▶ _EXERCISE DATA_:

=== Section Start ===

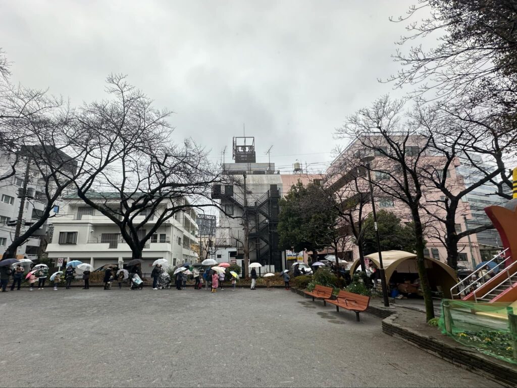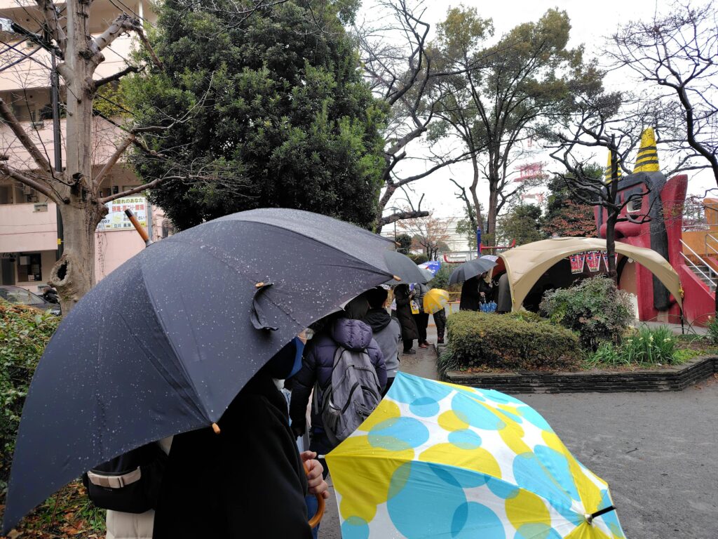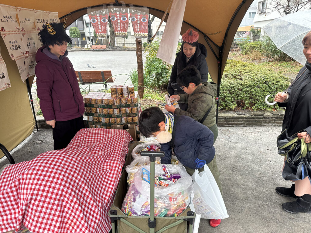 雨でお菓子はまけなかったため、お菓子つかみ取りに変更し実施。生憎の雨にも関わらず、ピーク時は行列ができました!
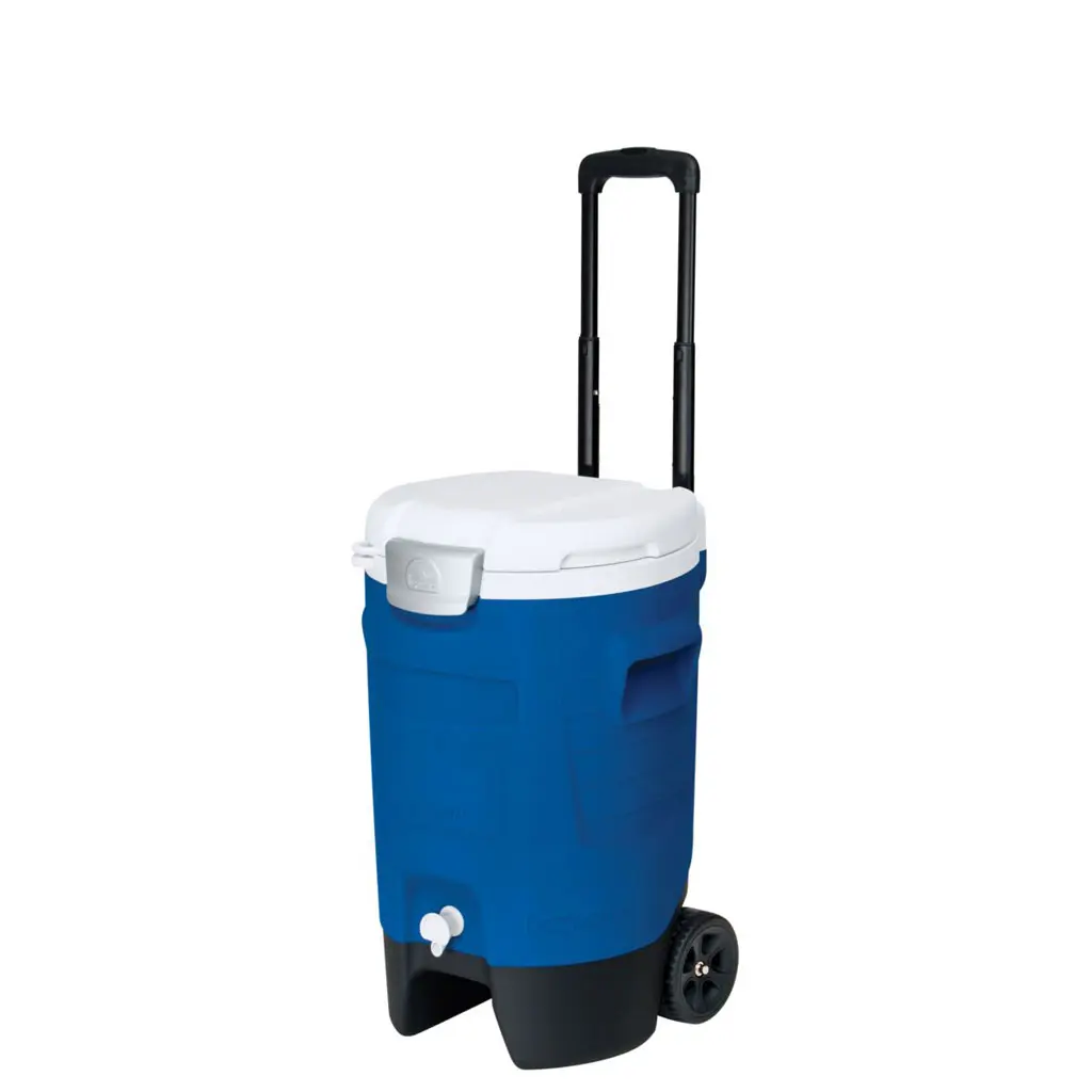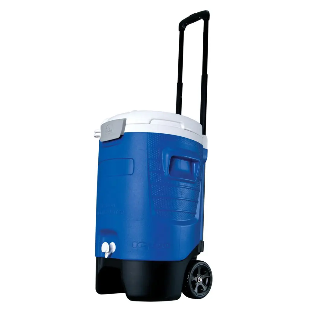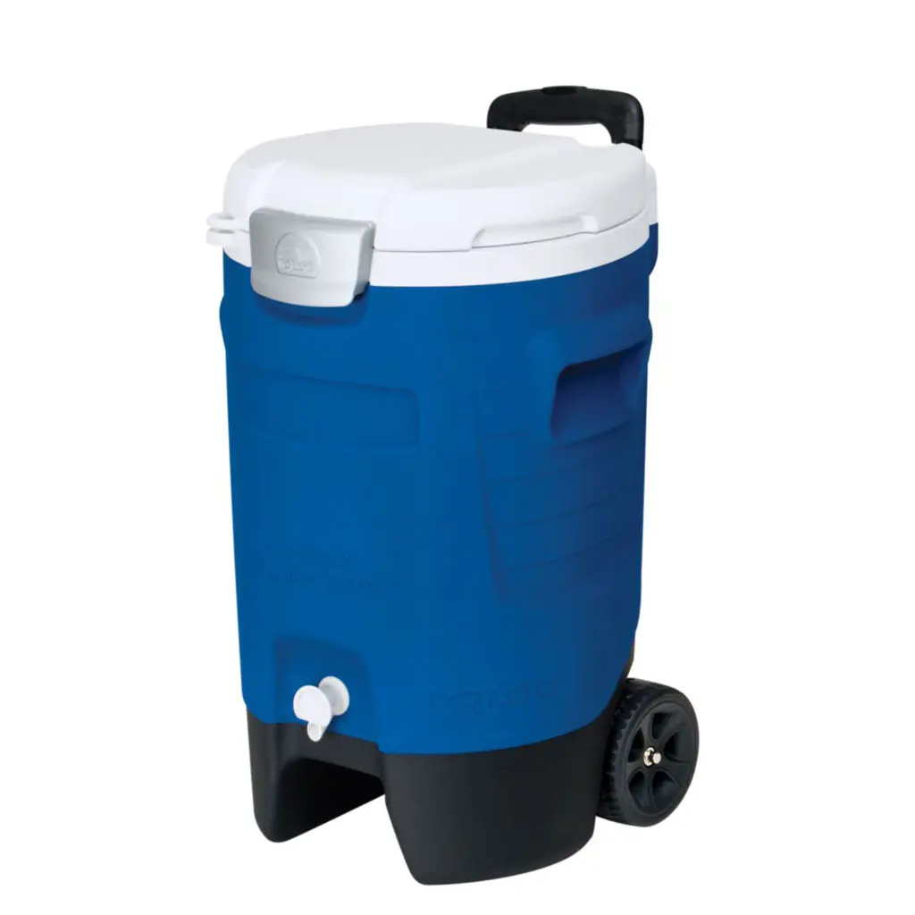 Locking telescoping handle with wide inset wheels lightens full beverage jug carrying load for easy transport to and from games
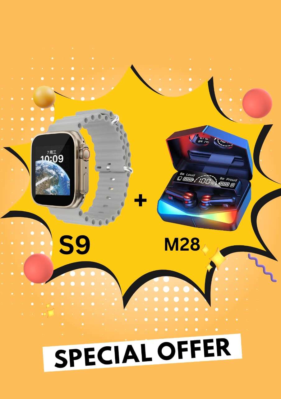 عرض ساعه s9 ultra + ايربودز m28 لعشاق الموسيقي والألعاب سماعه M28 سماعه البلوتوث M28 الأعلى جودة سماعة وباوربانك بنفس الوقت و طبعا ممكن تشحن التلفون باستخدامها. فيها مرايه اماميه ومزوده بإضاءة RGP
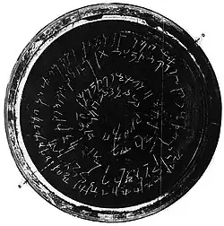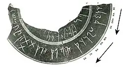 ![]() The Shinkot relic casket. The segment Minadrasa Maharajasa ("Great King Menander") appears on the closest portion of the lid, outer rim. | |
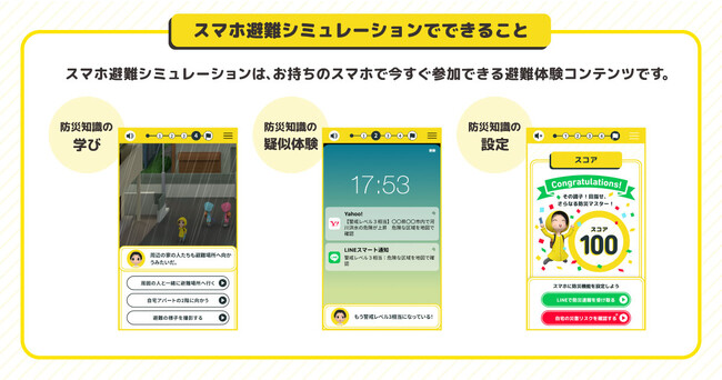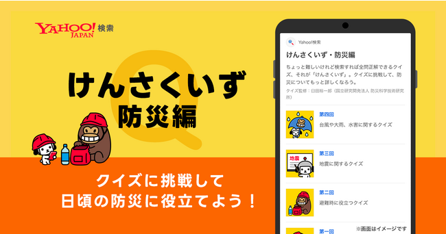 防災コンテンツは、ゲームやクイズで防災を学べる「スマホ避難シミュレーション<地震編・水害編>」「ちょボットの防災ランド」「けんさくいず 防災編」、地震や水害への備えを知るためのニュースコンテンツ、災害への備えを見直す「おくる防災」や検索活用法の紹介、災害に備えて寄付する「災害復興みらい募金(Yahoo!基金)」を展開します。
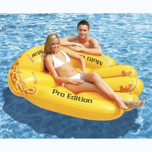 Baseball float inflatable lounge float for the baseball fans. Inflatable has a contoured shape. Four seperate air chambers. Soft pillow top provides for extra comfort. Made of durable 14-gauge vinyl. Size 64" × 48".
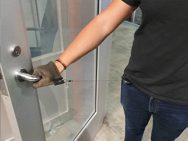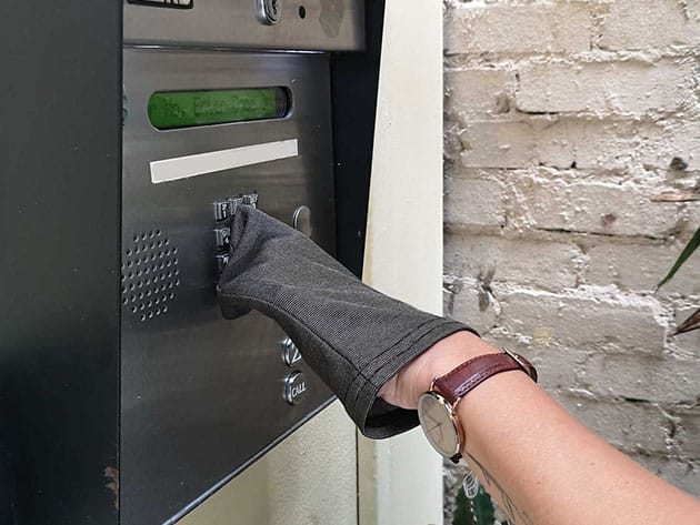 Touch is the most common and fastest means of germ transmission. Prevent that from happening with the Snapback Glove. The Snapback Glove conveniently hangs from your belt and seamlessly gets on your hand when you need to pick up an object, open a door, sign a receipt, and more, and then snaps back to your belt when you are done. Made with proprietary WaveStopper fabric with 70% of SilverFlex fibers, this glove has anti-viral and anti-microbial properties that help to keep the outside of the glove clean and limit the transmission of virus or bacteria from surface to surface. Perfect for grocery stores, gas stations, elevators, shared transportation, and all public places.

=== Section End ===

▶ _EXERCISE GOAL_:
Minus its pictures, the full listing should be copied verbatim.

▶ _TASK ANSWER_:
 雨でお菓子はまけなかったため、お菓子つかみ取りに変更し実施。生憎の雨にも関わらず、ピーク時は行列ができました!
 Locking telescoping handle with wide inset wheels lightens full beverage jug carrying load for easy transport to and from games
 عرض ساعه s9 ultra + ايربودز m28 لعشاق الموسيقي والألعاب سماعه M28 سماعه البلوتوث M28 الأعلى جودة سماعة وباوربانك بنفس الوقت و طبعا ممكن تشحن التلفون باستخدامها. فيها مرايه اماميه ومزوده بإضاءة RGP
 ![]() The Shinkot relic casket. The segment Minadrasa Maharajasa ("Great King Menander") appears on the closest portion of the lid, outer rim. | |
 防災コンテンツは、ゲームやクイズで防災を学べる「スマホ避難シミュレーション<地震編・水害編>」「ちょボットの防災ランド」「けんさくいず 防災編」、地震や水害への備えを知るためのニュースコンテンツ、災害への備えを見直す「おくる防災」や検索活用法の紹介、災害に備えて寄付する「災害復興みらい募金(Yahoo!基金)」を展開します。
 Baseball float inflatable lounge float for the baseball fans. Inflatable has a contoured shape. Four seperate air chambers. Soft pillow top provides for extra comfort. Made of durable 14-gauge vinyl. Size 64" × 48".
 Touch is the most common and fastest means of germ transmission. Prevent that from happening with the Snapback Glove. The Snapback Glove conveniently hangs from your belt and seamlessly gets on your hand when you need to pick up an object, open a door, sign a receipt, and more, and then snaps back to your belt when you are done. Made with proprietary WaveStopper fabric with 70% of SilverFlex fibers, this glove has anti-viral and anti-microbial properties that help to keep the outside of the glove clean and limit the transmission of virus or bacteria from surface to surface. Perfect for grocery stores, gas stations, elevators, shared transportation, and all public places.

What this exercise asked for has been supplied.